What you have to do:
Nothing but the lines below from the one containing "Es befindet sich" through the one containing "想在客廳打造一家三口各自的專" should appear in the answer, exact and without pictures.

Data supplied:
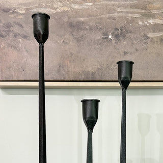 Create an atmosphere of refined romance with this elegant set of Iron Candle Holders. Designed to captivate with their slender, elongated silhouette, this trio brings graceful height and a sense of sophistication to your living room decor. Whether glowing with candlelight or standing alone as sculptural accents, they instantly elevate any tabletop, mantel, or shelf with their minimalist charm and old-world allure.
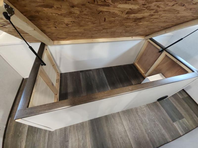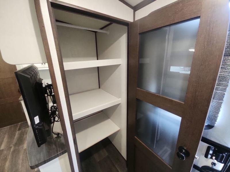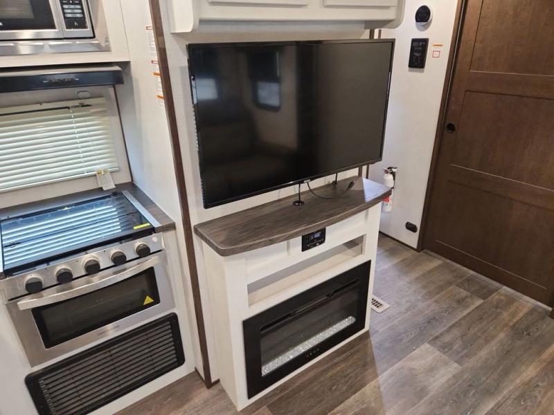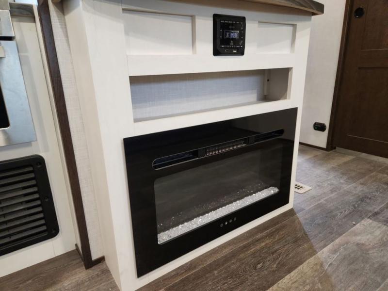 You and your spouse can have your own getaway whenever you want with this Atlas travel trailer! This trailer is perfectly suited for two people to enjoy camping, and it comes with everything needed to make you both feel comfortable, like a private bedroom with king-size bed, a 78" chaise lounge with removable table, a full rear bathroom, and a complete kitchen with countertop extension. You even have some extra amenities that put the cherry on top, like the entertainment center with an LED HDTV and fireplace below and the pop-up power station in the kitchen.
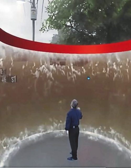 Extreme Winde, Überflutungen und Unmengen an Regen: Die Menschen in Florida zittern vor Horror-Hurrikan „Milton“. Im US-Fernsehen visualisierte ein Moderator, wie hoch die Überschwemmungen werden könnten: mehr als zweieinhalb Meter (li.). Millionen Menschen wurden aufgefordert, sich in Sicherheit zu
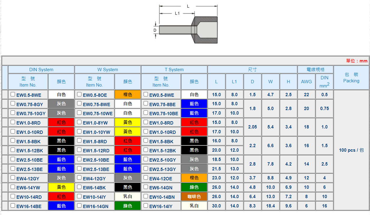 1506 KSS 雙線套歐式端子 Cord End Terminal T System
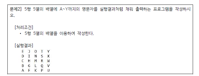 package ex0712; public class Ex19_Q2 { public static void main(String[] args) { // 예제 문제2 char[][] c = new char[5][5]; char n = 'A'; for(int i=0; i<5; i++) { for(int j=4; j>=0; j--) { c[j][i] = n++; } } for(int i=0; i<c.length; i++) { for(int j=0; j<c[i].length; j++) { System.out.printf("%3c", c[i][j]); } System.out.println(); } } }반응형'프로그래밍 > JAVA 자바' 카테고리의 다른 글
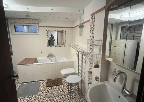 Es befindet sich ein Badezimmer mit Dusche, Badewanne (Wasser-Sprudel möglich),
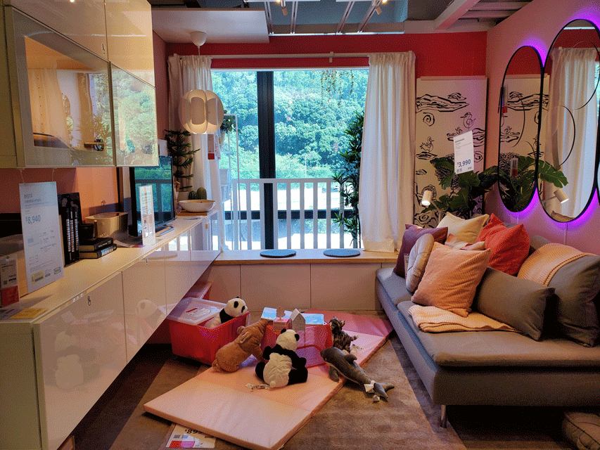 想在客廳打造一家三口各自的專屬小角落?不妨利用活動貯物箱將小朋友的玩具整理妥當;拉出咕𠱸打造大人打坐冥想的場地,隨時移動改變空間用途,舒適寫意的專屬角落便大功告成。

* * *

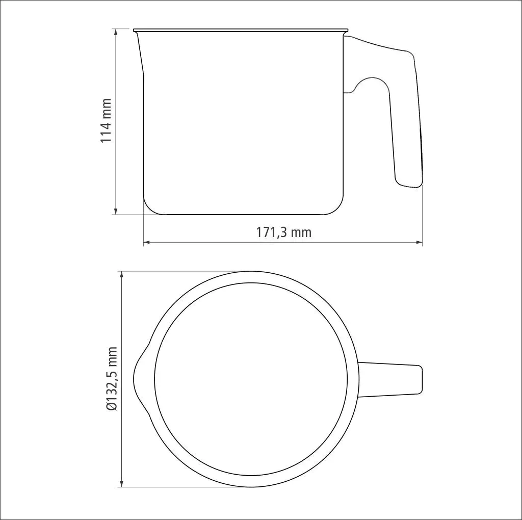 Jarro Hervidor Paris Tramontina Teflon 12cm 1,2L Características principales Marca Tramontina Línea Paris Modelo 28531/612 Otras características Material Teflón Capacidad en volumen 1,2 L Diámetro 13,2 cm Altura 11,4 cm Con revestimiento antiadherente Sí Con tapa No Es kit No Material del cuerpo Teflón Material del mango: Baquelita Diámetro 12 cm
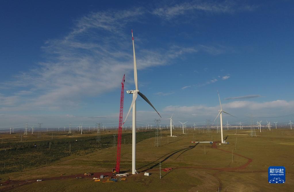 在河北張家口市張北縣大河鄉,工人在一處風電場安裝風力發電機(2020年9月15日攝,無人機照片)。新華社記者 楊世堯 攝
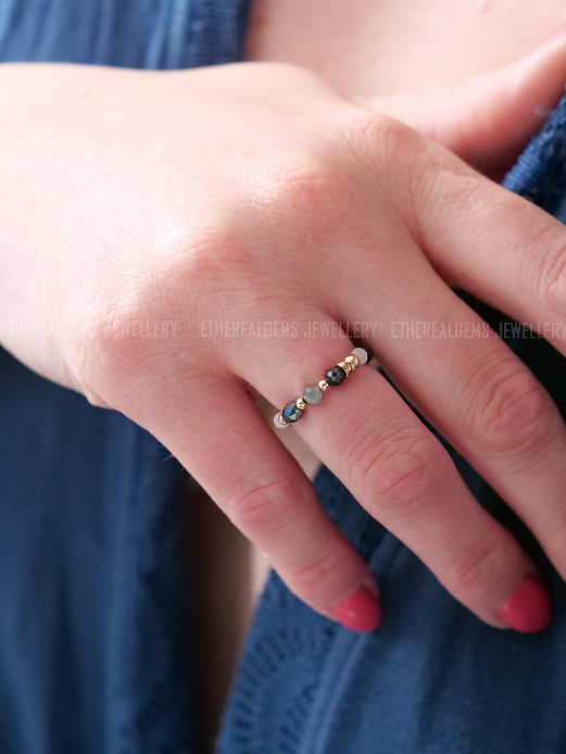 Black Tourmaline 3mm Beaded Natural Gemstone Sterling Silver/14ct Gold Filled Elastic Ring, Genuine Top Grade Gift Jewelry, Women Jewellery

Expected answer:
 Es befindet sich ein Badezimmer mit Dusche, Badewanne (Wasser-Sprudel möglich),
 想在客廳打造一家三口各自的專屬小角落?不妨利用活動貯物箱將小朋友的玩具整理妥當;拉出咕𠱸打造大人打坐冥想的場地,隨時移動改變空間用途,舒適寫意的專屬角落便大功告成。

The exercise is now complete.